**ABOUT THIS EXERCISE**:
What you return must match the listing below line for line, minus its pictures.

**DATASET EXCERPT**:
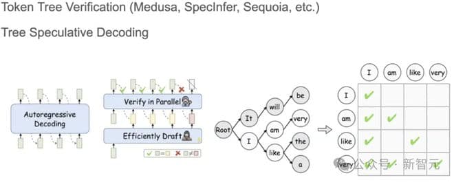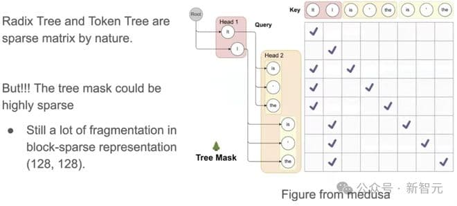 再看Speculative Decoding,多个草稿小模型生成的token序列通常组织成token tree的形式,表示成矩阵时是稀疏的。
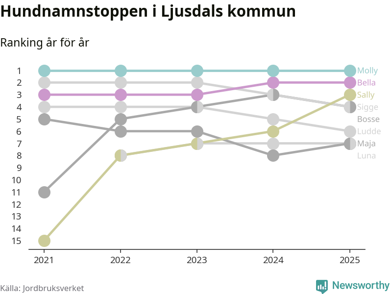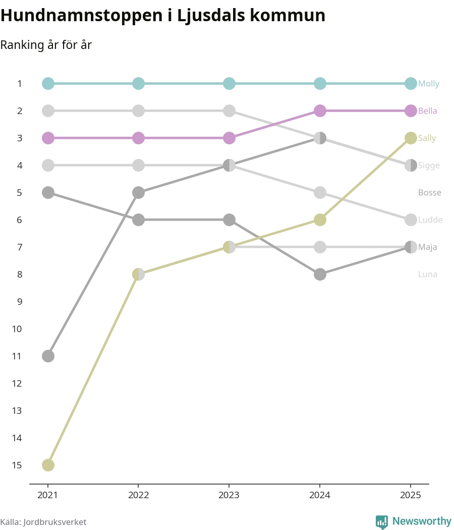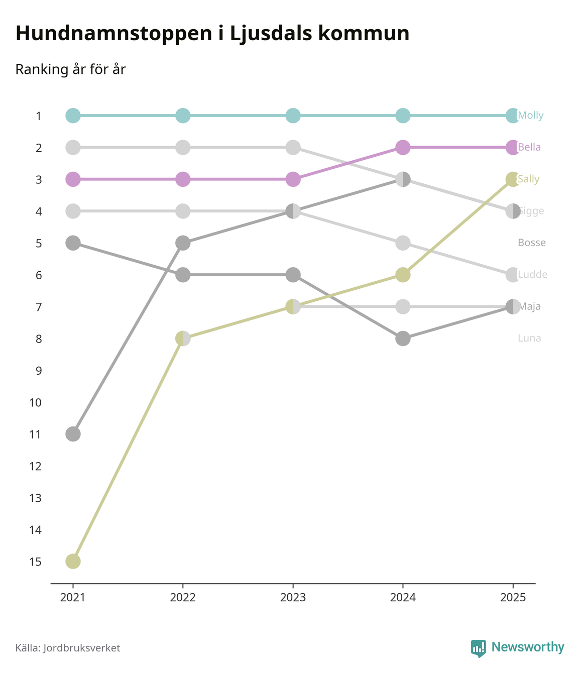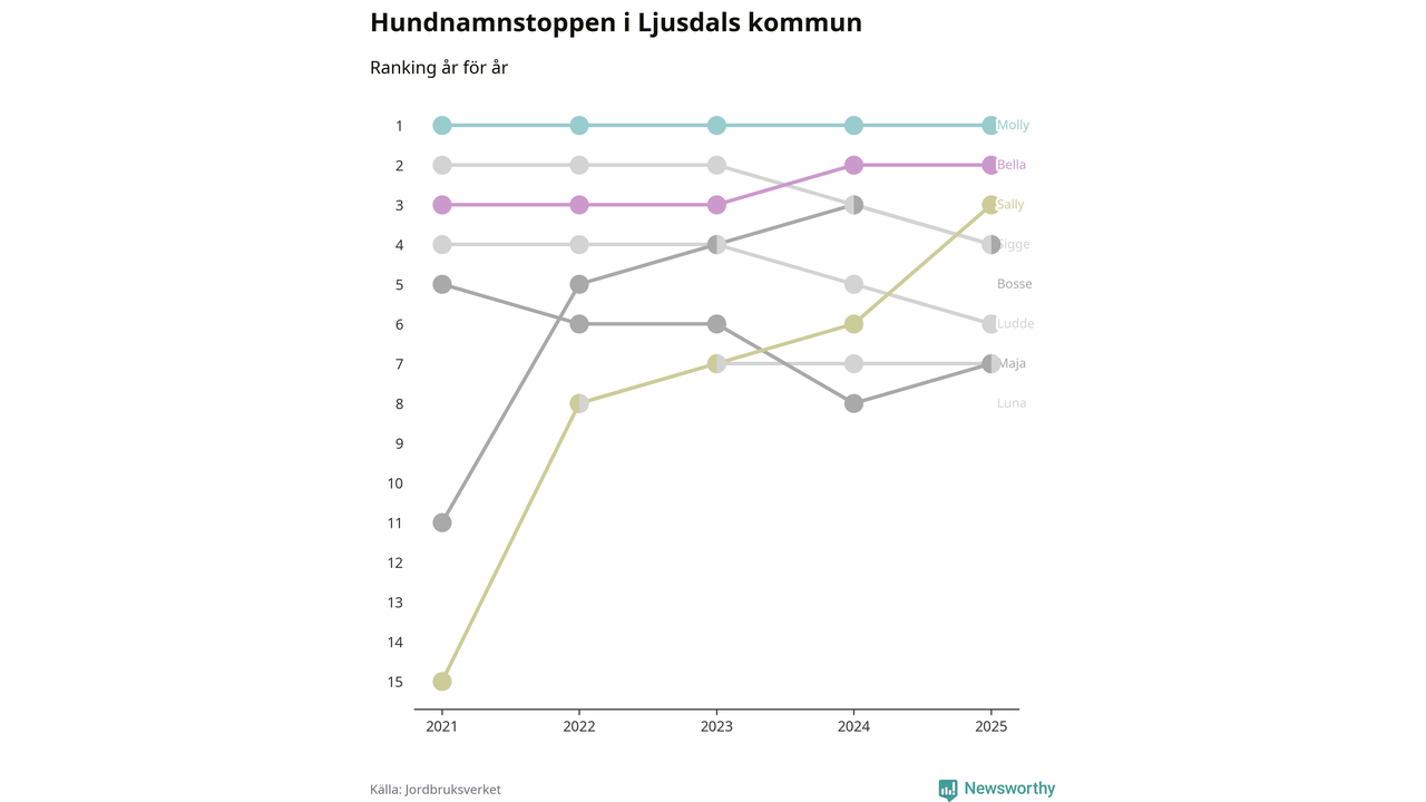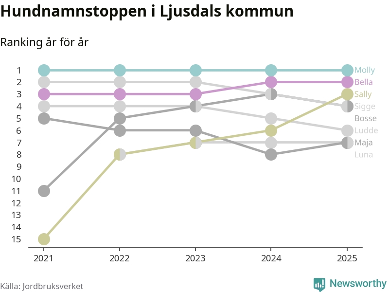 Molly toppar hundnamnsligan i Ljusdals kommun, precis som i landet som helhet. Det visar färsk statistik från Jordbruksverket. Här finns hela topplistan för kommunen.
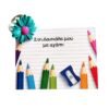 Είναι τοποθετημένος σε καρτελάκι με μήνυμα “Στη δασκάλα μου με αγάπη. Καλό Καλοκαίρι”.
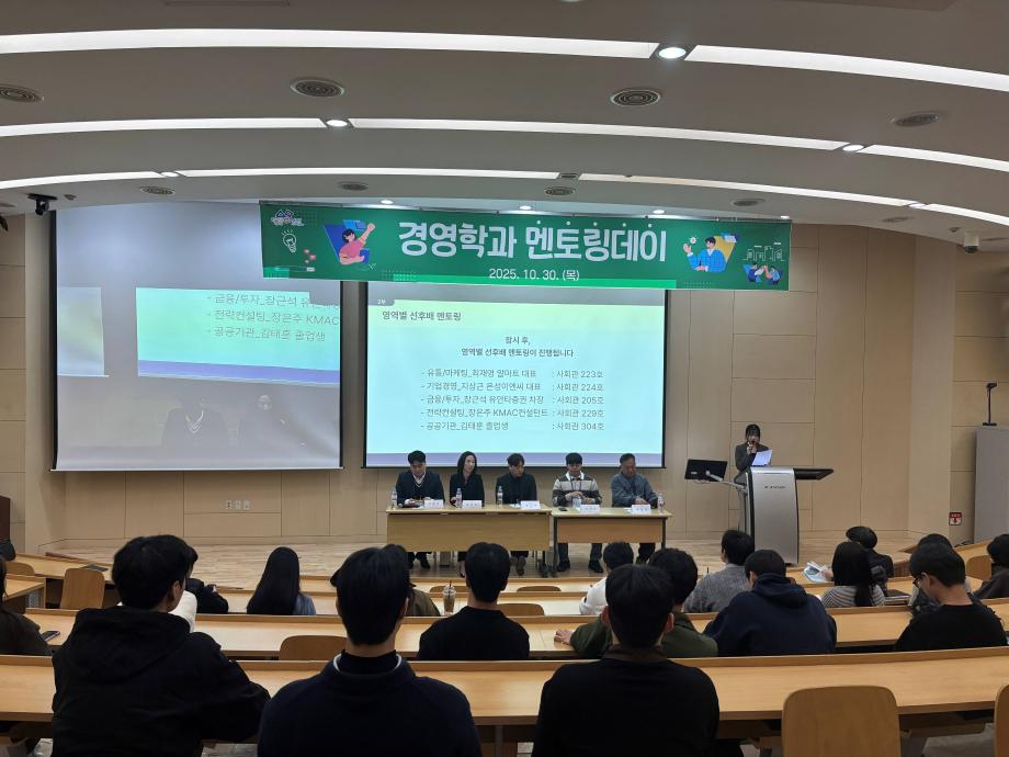본문 시작 홈으로 커뮤니티 학과소개 학생진로 교과과정 커뮤니티 학과 SNS 홈페이지가이드 학과 갤러리 공지사항 대학원 학과 갤러리 학과 이야기 동아리 학생회 학과 갤러리 페이스북 트위터 프린트 [경영학과] 멘토링데이 행사 경영학과 1288 2025-11-03 10월 30일(목) 17시, 학술관 102호에서 경영학과 멘토링데이가 개최되었습니다. 1부에서는 맞춤형 진로/직무 멘토링이, 2부에서는 멘토-멘티 간 자유로운 교류 및 1:1 멘토링, 저녁 식사가 진행되었습니다. 이번 멘토링데이를 통해 학생들이 진로에 대한 이해와 자기주도적 성장 의지를 높일 수 있는 시간이었습니다. 참여해 주신 모든 멘토 멘티 여러분, 수고 많으셨습니다! 목록 이전[일반대학원 경영학과] 논문 발표 및 논문심사 다음 [경영학과] 25년 전기 학위수여식 학과행사 담당부서 : 경영학과 담당자 : - 연락처 : 043-649-1766 최종수정일 : 2024-10-26 만족도조사 만족도 조사 이 페이지에서 제공하는 정보에 대하여 만족하시나요? 매우만족 만족 보통 불만족 매우불만족

**EXERCISE OUTPUT**:
 再看Speculative Decoding,多个草稿小模型生成的token序列通常组织成token tree的形式,表示成矩阵时是稀疏的。
 Molly toppar hundnamnsligan i Ljusdals kommun, precis som i landet som helhet. Det visar färsk statistik från Jordbruksverket. Här finns hela topplistan för kommunen.
 Είναι τοποθετημένος σε καρτελάκι με μήνυμα “Στη δασκάλα μου με αγάπη. Καλό Καλοκαίρι”.
본문 시작 홈으로 커뮤니티 학과소개 학생진로 교과과정 커뮤니티 학과 SNS 홈페이지가이드 학과 갤러리 공지사항 대학원 학과 갤러리 학과 이야기 동아리 학생회 학과 갤러리 페이스북 트위터 프린트 [경영학과] 멘토링데이 행사 경영학과 1288 2025-11-03 10월 30일(목) 17시, 학술관 102호에서 경영학과 멘토링데이가 개최되었습니다. 1부에서는 맞춤형 진로/직무 멘토링이, 2부에서는 멘토-멘티 간 자유로운 교류 및 1:1 멘토링, 저녁 식사가 진행되었습니다. 이번 멘토링데이를 통해 학생들이 진로에 대한 이해와 자기주도적 성장 의지를 높일 수 있는 시간이었습니다. 참여해 주신 모든 멘토 멘티 여러분, 수고 많으셨습니다! 목록 이전[일반대학원 경영학과] 논문 발표 및 논문심사 다음 [경영학과] 25년 전기 학위수여식 학과행사 담당부서 : 경영학과 담당자 : - 연락처 : 043-649-1766 최종수정일 : 2024-10-26 만족도조사 만족도 조사 이 페이지에서 제공하는 정보에 대하여 만족하시나요? 매우만족 만족 보통 불만족 매우불만족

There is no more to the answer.